WICHITA, Kan.--(BUSINESS WIRE)--CURO Group Holdings Corp. (“CURO” or the “Company”) today announced the pricing of its initial public offering of 6,666,667 shares of common stock at a price to the public of $14.00 per share. All of the common stock is being offered by CURO. CURO’s common stock is expected to begin trading on the New York Stock Exchange today, December 7, 2017, under the ticker symbol “CURO”. The offering is expected to close on December 11, 2017, subject to customary closing conditions. The underwriters have a 30-day option to purchase up to an additional 1,000,000 shares at the initial public offering price, less the underwriting discount to cover over-allotments, if any.
CURO will use the net proceeds from this offering to purchase, repurchase, redeem, defease or otherwise repay portions of the 12.00% Senior Secured Notes due 2022 of CURO’s wholly-owned subsidiary and to pay related fees, expenses, premiums and accrued interest.
Credit Suisse Securities (USA) LLC, Jefferies LLC and Stephens Inc. are acting as joint book-running managers and as representatives of the underwriters for the offering. William Blair & Company, L.L.C. is also acting as a bookrunning manager for the offering.

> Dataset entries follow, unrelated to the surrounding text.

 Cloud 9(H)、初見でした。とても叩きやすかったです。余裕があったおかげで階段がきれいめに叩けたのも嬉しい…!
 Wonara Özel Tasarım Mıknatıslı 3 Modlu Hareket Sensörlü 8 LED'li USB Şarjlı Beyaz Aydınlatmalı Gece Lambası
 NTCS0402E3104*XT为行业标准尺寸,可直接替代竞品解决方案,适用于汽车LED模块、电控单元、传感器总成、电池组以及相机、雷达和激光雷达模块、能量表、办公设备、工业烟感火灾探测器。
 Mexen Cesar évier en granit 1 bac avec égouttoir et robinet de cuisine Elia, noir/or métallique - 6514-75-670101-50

This offering is being made only by means of a prospectus. A copy of the final prospectus related to the offering, when available, may be obtained from: Credit Suisse Securities (USA) LLC, Attention: Prospectus Department, One Madison Avenue, New York, New York, 10010, or by telephone at +1 (800) 221-1037, or by email at email@example.com; Jefferies LLC, 520 Madison Ave., 2nd Floor, New York, NY 10022, Attention: Equity Syndicate Prospectus Department, phone: 877-821-7388, email: firstname.lastname@example.org; or Stephens Inc., 111 Center Street, Little Rock, AR 72201, phone: 501-377-2131, email: email@example.com.
A registration statement relating to these securities has been filed with, and declared effective by, the U.S. Securities and Exchange Commission (the “SEC”). This press release shall not constitute an offer to sell or the solicitation of an offer to buy, nor shall there be any sale of these securities in any state or jurisdiction in which such an offer, solicitation, or sale would be unlawful prior to registration or qualification under securities laws of any such state or jurisdiction.

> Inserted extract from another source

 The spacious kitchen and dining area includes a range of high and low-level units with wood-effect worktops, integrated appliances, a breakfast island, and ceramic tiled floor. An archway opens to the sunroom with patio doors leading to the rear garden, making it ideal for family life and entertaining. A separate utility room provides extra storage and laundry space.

CURO (NYSE: CURO), operating in three countries and powered by its fully integrated technology platform, is a market leader by revenues in providing short-term credit to underbanked consumers. In 1997, the Company was founded in Riverside, California by three Wichita, Kansas childhood friends to meet the growing consumer need for short-term loans. Their success led to opening stores across the United States, and expanding to offer online loans and financial services across three countries. Today, CURO combines its market expertise with a fully integrated technology platform, omni-channel approach and advanced credit decisioning to provide an array of short-term credit products across all mediums. CURO operates under a number of brands including Speedy Cash, Rapid Cash, Cash Money, LendDirect, Avio Credit, WageDayAdvance, Juo Loans, and Opt+. With over 20 years of operating experience, CURO provides financial freedom to the underbanked.
This press release may contain forward-looking statements within the meaning of the Private Securities Litigation Reform Act of 1995. These statements may include, without limitation, any statements preceded by, followed by or including words such as “target,” “believe,” “expect,” “aim,” “intend,” “may,” “anticipate,” “assume,” “budget,” “continue,” “estimate,” “future,” “objective,” “outlook,” “plan,” “potential,” “predict,” “project,” “will,” “can have,” “likely,” “should,” “would,” “could” and other words and terms of similar meaning or the negative thereof. Such forward-looking statements involve known and unknown risks, uncertainties and other important factors beyond the Company’s control, as discussed in the Company’s filings with the SEC, that could cause the Company’s actual results, performance or achievements to be materially different from the expected results, performance or achievements expressed or implied by such forward-looking statements. Such forward-looking statements are based on numerous assumptions regarding the Company’s present and future business strategies and the environment in which it will operate in the future. Any forward-looking statement made in this press release speaks only as of the date hereof. Except as required by law, the Company assumes no obligation to update these forward-looking statements, or to update the reasons actual results could differ materially from those anticipated in the forward-looking statements, even if new information becomes available in the future.